* [Description of the task]: Go through the entries below and retype them exactly, omitting each picture.

* [Provided records]:
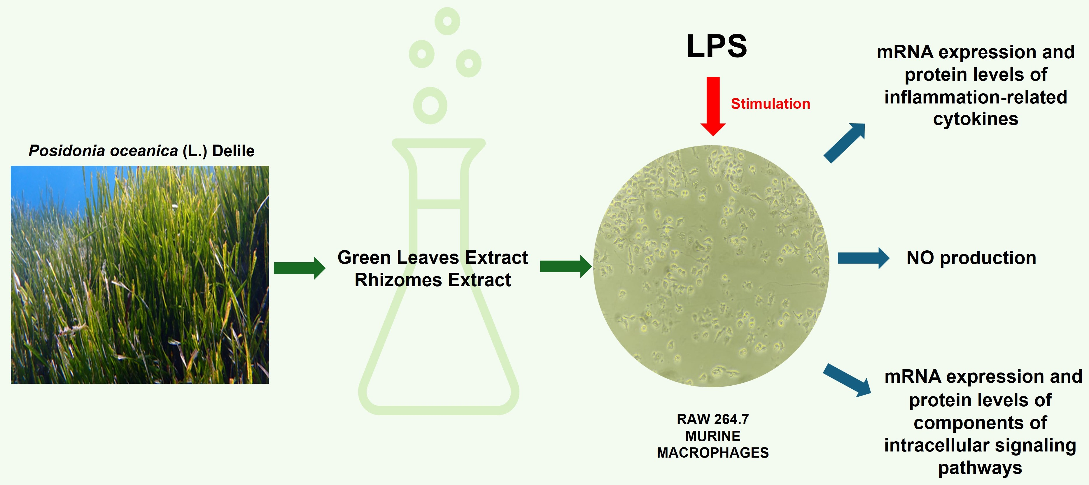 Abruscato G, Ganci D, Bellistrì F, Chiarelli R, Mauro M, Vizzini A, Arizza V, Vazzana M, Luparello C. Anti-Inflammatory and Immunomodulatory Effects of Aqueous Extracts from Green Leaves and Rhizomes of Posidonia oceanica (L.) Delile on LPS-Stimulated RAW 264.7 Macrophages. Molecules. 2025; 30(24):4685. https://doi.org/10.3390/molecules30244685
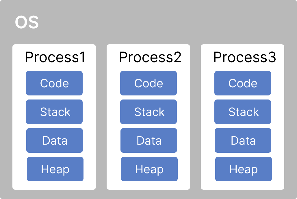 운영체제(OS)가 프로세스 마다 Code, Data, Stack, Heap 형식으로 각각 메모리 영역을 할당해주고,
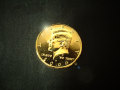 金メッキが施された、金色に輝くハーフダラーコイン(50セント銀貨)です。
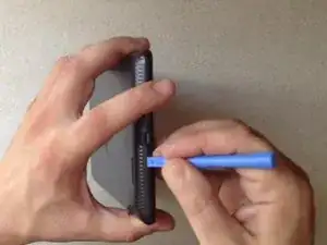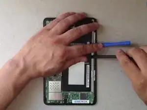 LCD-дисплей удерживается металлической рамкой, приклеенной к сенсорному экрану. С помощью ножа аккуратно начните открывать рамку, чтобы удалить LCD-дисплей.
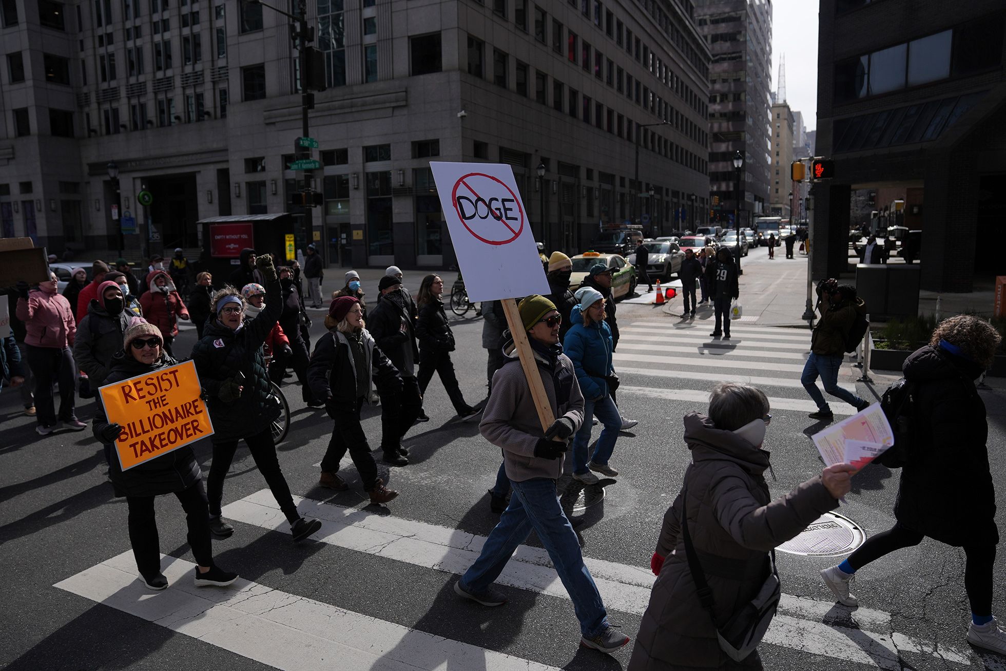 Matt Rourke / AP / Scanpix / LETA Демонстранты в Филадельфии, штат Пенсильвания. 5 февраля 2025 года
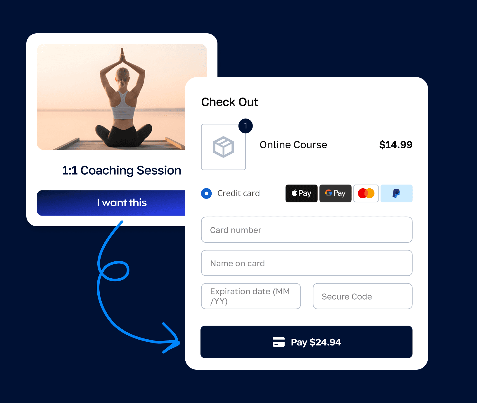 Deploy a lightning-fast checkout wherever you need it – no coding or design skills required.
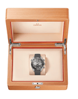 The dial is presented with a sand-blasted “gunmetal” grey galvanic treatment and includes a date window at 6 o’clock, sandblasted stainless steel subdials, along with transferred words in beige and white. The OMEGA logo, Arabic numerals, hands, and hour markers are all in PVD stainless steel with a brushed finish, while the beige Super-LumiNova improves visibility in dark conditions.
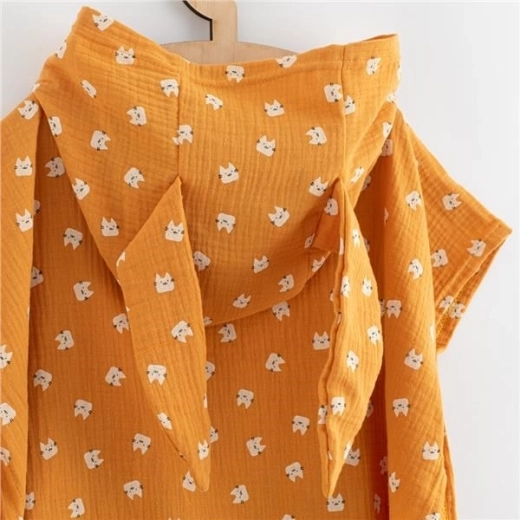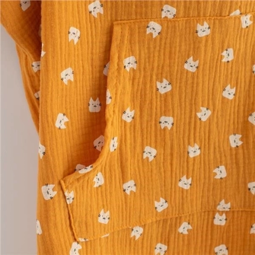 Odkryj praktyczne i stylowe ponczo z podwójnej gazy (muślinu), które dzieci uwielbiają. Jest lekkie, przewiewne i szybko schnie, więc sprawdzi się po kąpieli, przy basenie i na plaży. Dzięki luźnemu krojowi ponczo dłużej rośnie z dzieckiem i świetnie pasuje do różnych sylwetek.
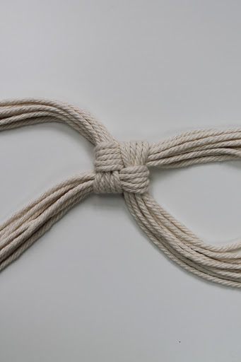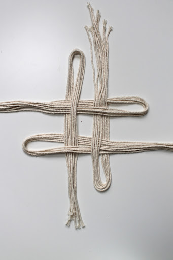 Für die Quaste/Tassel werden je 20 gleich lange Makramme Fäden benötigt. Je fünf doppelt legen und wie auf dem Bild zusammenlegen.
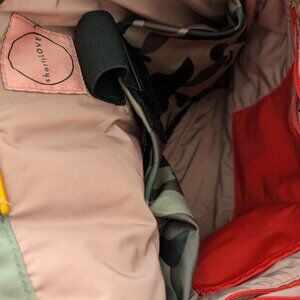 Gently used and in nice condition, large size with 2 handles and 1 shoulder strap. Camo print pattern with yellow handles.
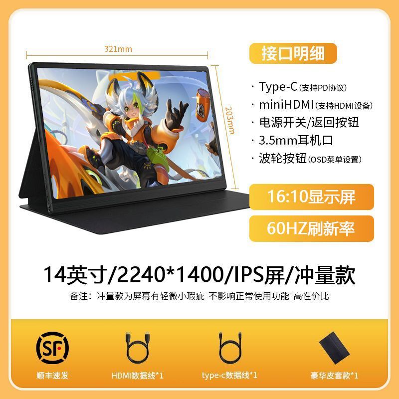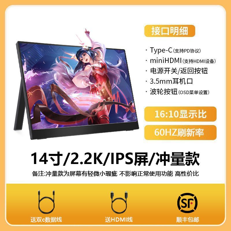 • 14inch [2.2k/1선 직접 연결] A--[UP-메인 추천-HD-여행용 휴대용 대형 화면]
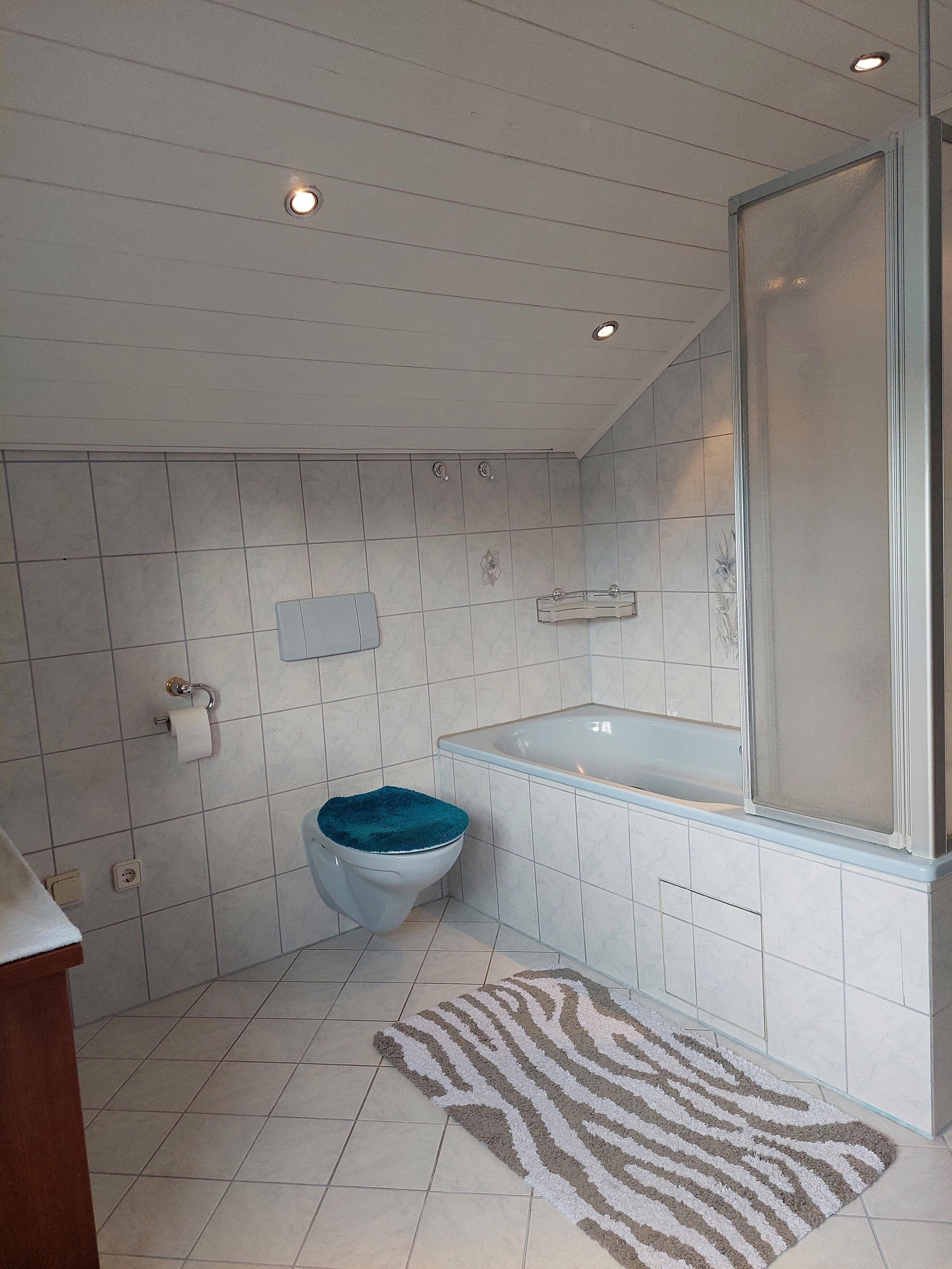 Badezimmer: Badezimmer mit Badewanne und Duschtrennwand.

* [Answer section]:
 Abruscato G, Ganci D, Bellistrì F, Chiarelli R, Mauro M, Vizzini A, Arizza V, Vazzana M, Luparello C. Anti-Inflammatory and Immunomodulatory Effects of Aqueous Extracts from Green Leaves and Rhizomes of Posidonia oceanica (L.) Delile on LPS-Stimulated RAW 264.7 Macrophages. Molecules. 2025; 30(24):4685. https://doi.org/10.3390/molecules30244685
 운영체제(OS)가 프로세스 마다 Code, Data, Stack, Heap 형식으로 각각 메모리 영역을 할당해주고,
 金メッキが施された、金色に輝くハーフダラーコイン(50セント銀貨)です。
 LCD-дисплей удерживается металлической рамкой, приклеенной к сенсорному экрану. С помощью ножа аккуратно начните открывать рамку, чтобы удалить LCD-дисплей.
 Matt Rourke / AP / Scanpix / LETA Демонстранты в Филадельфии, штат Пенсильвания. 5 февраля 2025 года
 Deploy a lightning-fast checkout wherever you need it – no coding or design skills required.
 The dial is presented with a sand-blasted “gunmetal” grey galvanic treatment and includes a date window at 6 o’clock, sandblasted stainless steel subdials, along with transferred words in beige and white. The OMEGA logo, Arabic numerals, hands, and hour markers are all in PVD stainless steel with a brushed finish, while the beige Super-LumiNova improves visibility in dark conditions.
 Odkryj praktyczne i stylowe ponczo z podwójnej gazy (muślinu), które dzieci uwielbiają. Jest lekkie, przewiewne i szybko schnie, więc sprawdzi się po kąpieli, przy basenie i na plaży. Dzięki luźnemu krojowi ponczo dłużej rośnie z dzieckiem i świetnie pasuje do różnych sylwetek.
 Für die Quaste/Tassel werden je 20 gleich lange Makramme Fäden benötigt. Je fünf doppelt legen und wie auf dem Bild zusammenlegen.
 Gently used and in nice condition, large size with 2 handles and 1 shoulder strap. Camo print pattern with yellow handles.
 • 14inch [2.2k/1선 직접 연결] A--[UP-메인 추천-HD-여행용 휴대용 대형 화면]
 Badezimmer: Badezimmer mit Badewanne und Duschtrennwand.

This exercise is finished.